10th
Juli
2008
Es ist eine Horrorvorstellung für jeden Autofahrer: Eben noch haben die Bremsen tadellos funktioniert, doch plötzlich bewirkt der Tritt auf das Pedal rein gar nichts mehr. Schuld ist in vielen Fällen ein zu hoher Wasseranteil der Bremsflüssigkeit – eine Alterungserscheinung. Sie sollten die Empfehlung der Autohersteller ernst nehmen und alle zwei Jahre die Bremsflüssigkeit wechseln lassen.

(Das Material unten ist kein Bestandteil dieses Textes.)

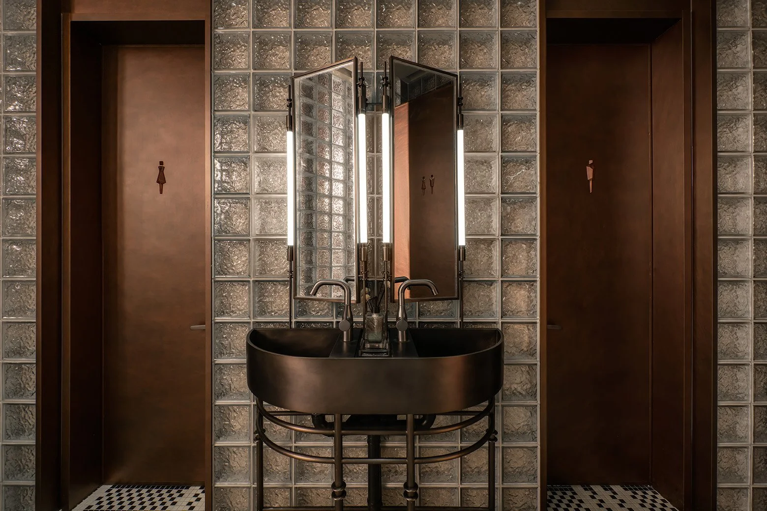 The meticulous industrial aesthetic used in the venue extends all the way into the bathroom, where exposed pipings and distinguished glass bricks create a refined yet rugged ambiance. The flooring are contrasted with hand laid mosaic to create a multi sensory experience.

Die gebräuchlichen Bremsflüssigkeiten basieren auf Glykol, welches Wasser aus der Luft aufnimmt. Bei frischer Bremsflüssigkeit liegt der Wasseranteil bei etwa 0,05 Prozent. Ist die Bremsflüssigkeit zwei Jahre alt, kann ihr Wassergehalt schon auf drei Prozent angewachsen sein. Ein hoher Wasseranteil senkt den Siedepunkt der Bremsflüssigkeit. Bei einer hohen Beanspruchung der Bremsen können so Dampfblasen entstehen, die verhindern, dass im Bremssystem der nötige Druck aufgebaut werden kann.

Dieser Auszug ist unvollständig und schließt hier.